Perhaps celebrity gossip in venues like People Magazine or the National Enquirer specialize in this function. These publications are a manifestation of the urge to 1) punish pseudo-"elites" who transgress moral boundaries, 2) luxuriate in the fame and wealth of celebrities, and 3) fantasize about the alleged transgressions. (These magazines also provide a venue where disgraced celebrities can prostrate themselves with apologies to a flattered public.)

The pseudo-elite is a prime target for scapegoating because they have wealth and status but no real power. The Jews are the classic case of this. Prior to WW2, two-thirds of the physicians, attorneys and journalists in Hungary were Jews. The professional class is magnet for jealousy. This is amplified if it is a religious minority (e.g., Protestants in Catholic countries in Europe) or there is a foreign background (e.g., ethnic Chinese in southeast Asia). But the real decision-making elites remain off-limits to criticism. But wealthy celebrities like top athletes and entertainers are even less entrenched in the power structure than professionals are, making them even more vulnerable to the tabloids. Indeed, some celebrities derive their wealth solely from their celebrity status (e.g., the Kardashians), so they court controversy and sympathy simultaneously (they want to be vulnerable).

At the local level, journalism is still collapsing. The collapse continues, and local journalism is beginning to look more like blogging, in terms of quality but also in terms of financial compensation. But will the nature of journalism at the local level alter to look like tabloid journalism, with an increasing personalization of issues and a moralization of tone?

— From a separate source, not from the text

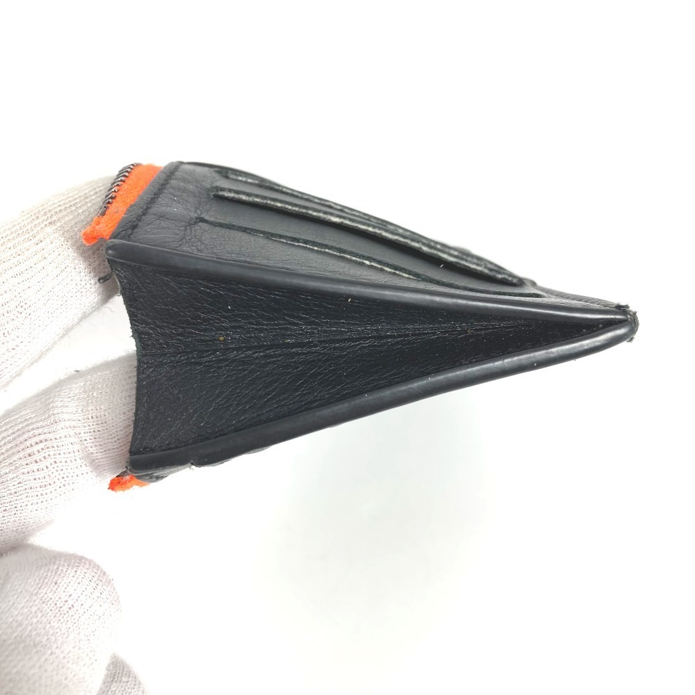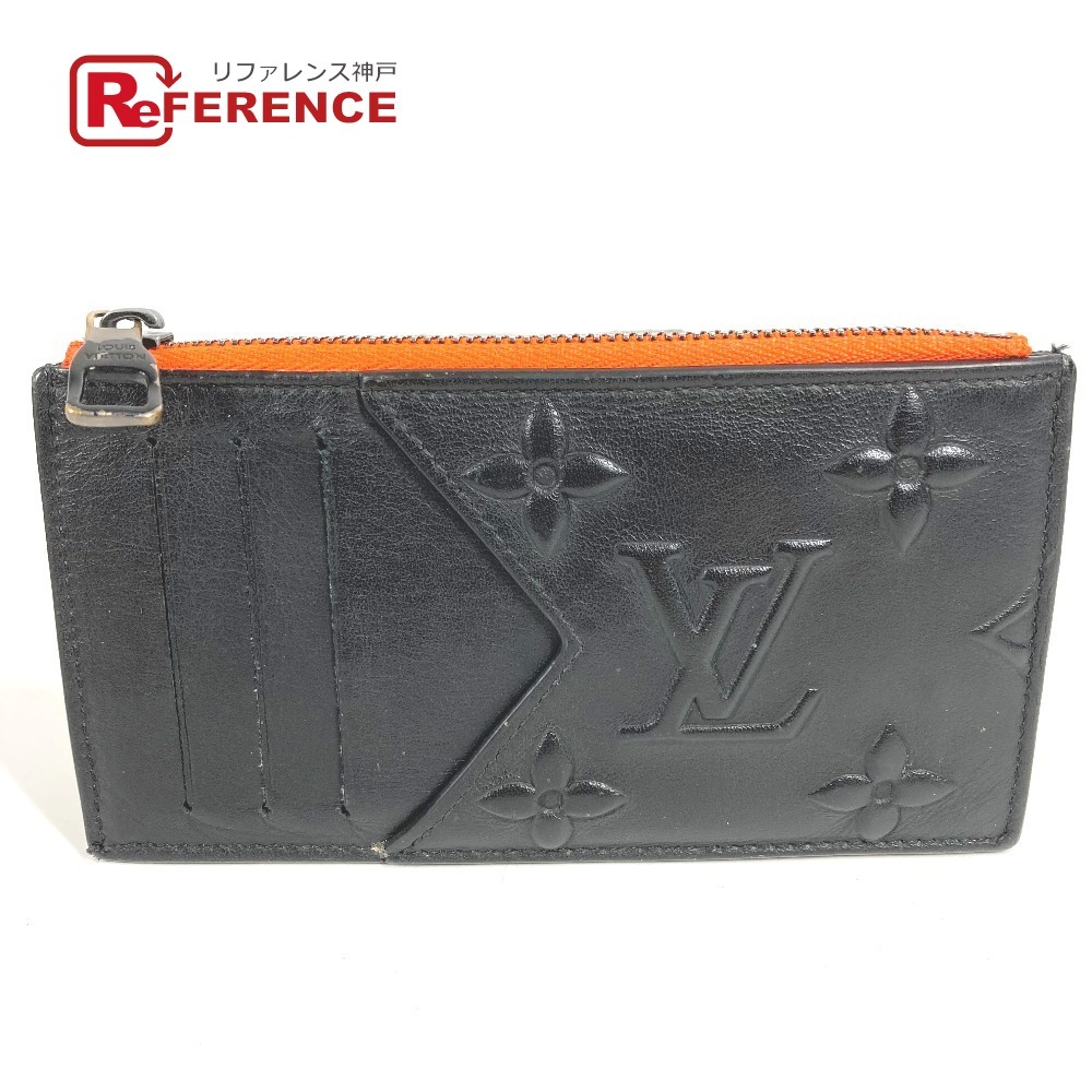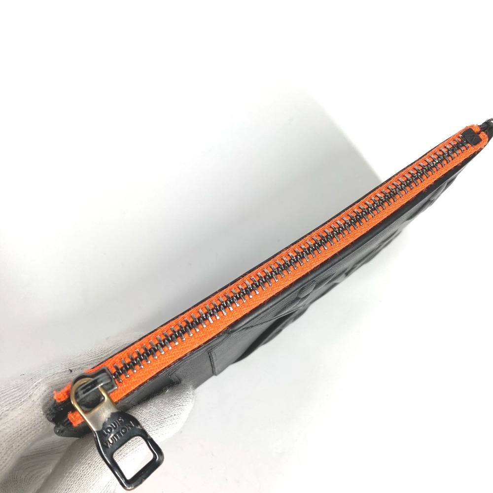 商品説明モノグラム・パターンをデボス加工したブラックレザーで仕立て、ネオンオレンジのディテールを添えた「コインカードホルダー」。

Journalists are not critical intellectuals at odds with the status quo, despite what they may think. Journalists tend to be orthodox in outlook, and reflect the political orthodoxy. In the 1950s, almost all journalists were conservatives, just as the status quo was conservative. It has been said that in the 1950s, there were only three voices of social criticism to be found in the mainstream:
 
1) The journalist Edward R. Murrow, of CBS.
2) The sociologist C. Wright Mills, of Columbia.
3) Mad Magazine.

Social criticism emerged later in journalism and academia and the media, but in some ways it derived from these three small sources. (Notably, Rolling Stone magazine and Playboy magazine engaged in serious journalism that was a challenge to the mainstream.) By the 1970s, there was a cultural revolution, where the prior criticism by outsiders was now the dominant orthodoxy, and journalists were now generally liberal.
But, again, that early social criticism from the likes of Mills and Murrow (and Mad Magazine) had the quality of the kind of critique one expects from intellectuals in Europe. They were the exception in their fields. Most mainstream journalists generally don't go for critique, they go for the dominant orthodoxy. If journalists have so uniformly become liberal, it's because the society itself has changed. Journalists have simply conformed to the new status quo.
 
In this sense, journalists are more like priests than they are like philosophers. (This is also true of politically correct conformist professors who follow in the wake of C. Wright Mills, who was himself always anti-orthodox and a non-conformist.) Journalists are enforcers of the dominant, orthodox morality, and at an unconscious level they engage in the passive-aggressive dynamic of channeling aggression toward acceptable scapegoats. This is what social media and blogs now do more overtly, and it may be what in the future local journalism will specialize in. Character is destiny.